Christopher Hsiong of San Jose CA (US)

Emil Talpes of San Mateo CA (US)

Debjit Das Sarma of San Jose CA (US)

Peter Bannon of Woodside CA (US)

Kevin Hurd of Redwood City CA (US)

Benjamin Floering of San Jose CA (US)

SYSTEM AND METHOD FOR HANDLING ERRORS IN A VEHICLE NEURAL NETWORK PROCESSOR - A simplified explanation of the abstract

This abstract first appeared for US patent application 20240086270 titled 'SYSTEM AND METHOD FOR HANDLING ERRORS IN A VEHICLE NEURAL NETWORK PROCESSOR

Simplified Explanation

The patent application describes a system for handling errors in a neural network associated with the use of a vehicle. The system includes an error detector to identify data errors during the execution of the neural network, and a neural network controller to receive reports of these errors and mark the pending results as tainted without stopping the network's operation.

  • Neural network processor for vehicle use
  • Error detector to identify data errors
  • Neural network controller to mark tainted results
  • System does not terminate network execution

Potential Applications

The technology can be applied in autonomous vehicles, drones, robotics, and other systems where neural networks are used for decision-making processes.

Problems Solved

1. Ensures errors in data do not lead to incorrect decisions or actions by the vehicle. 2. Prevents the need to stop the neural network's operation completely when errors are detected.

Benefits

1. Increased safety and reliability in vehicle operations. 2. Continuous operation of the neural network without interruptions.

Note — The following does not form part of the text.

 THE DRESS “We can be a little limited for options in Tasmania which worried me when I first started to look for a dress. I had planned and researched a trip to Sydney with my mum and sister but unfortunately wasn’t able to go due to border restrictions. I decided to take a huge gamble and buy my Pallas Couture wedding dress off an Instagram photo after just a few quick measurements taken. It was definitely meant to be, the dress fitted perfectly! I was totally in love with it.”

Potential Commercial Applications

Optimized Neural Network Error Handling for Vehicle Systems

Possible Prior Art

There may be prior art related to error handling in neural networks, but specific examples are not provided in the abstract.

Unanswered Questions

== How does the system differentiate between different types of data errors in the neural network? The abstract does not specify how the error detector distinguishes between various types of data errors that may occur during the execution of the neural network.

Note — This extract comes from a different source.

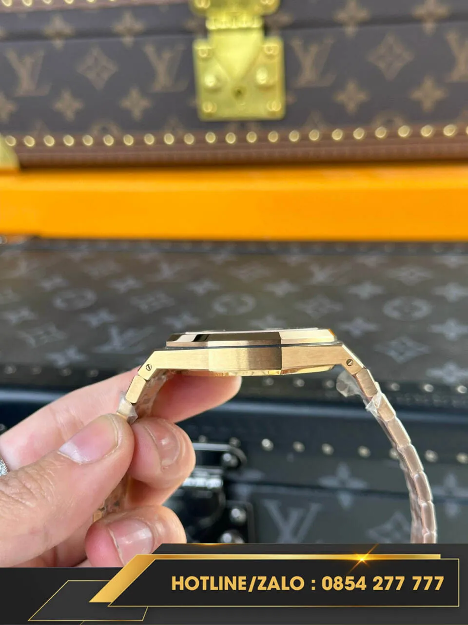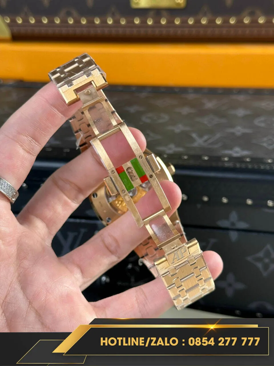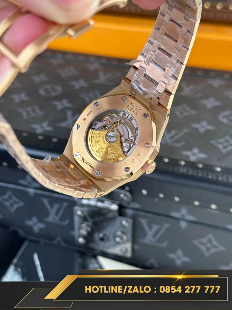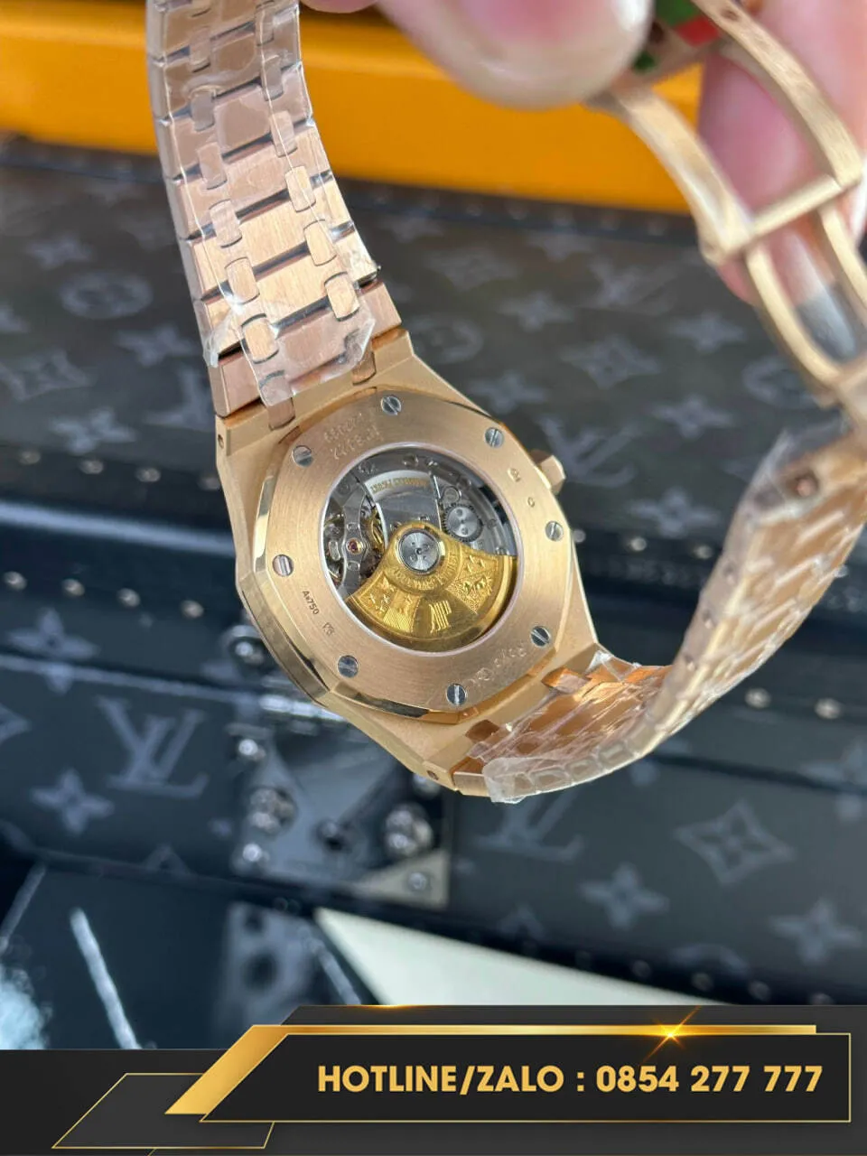 Đồng hồ Audemars Piguet Royal Oak 15400 vàng hồng replica được trang bị bộ máy Calibre 3120, nổi tiếng về độ chính xác và độ bền. Bộ máy này, sản xuất bởi ZF Factory, đảm bảo hiệu suất hoạt động tối ưu với khả năng dự trữ năng lượng lên đến 60 giờ. Sự kết hợp giữa công nghệ tiên tiến và tay nghề thủ công tinh xảo tạo nên một chiếc đồng hồ không chỉ đẹp mắt mà còn rất đáng tin cậy.

== What measures are in place to prevent false positives in error detection? It is not mentioned in the abstract how the system avoids marking valid results as tainted due to false positives in error detection.


Original Abstract Submitted

a system for handling errors in a neural network includes a neural network processor for executing a neural network associated with use of a vehicle. the neural network processor includes an error detector configured to detect a data error associated with execution of the neural network and a neural network controller configured to receive a report of the data error from the error detector. in response to receiving the report, the neural network controller is further configured to signal that a pending result of the neural network is tainted, without terminating execution of the neural network.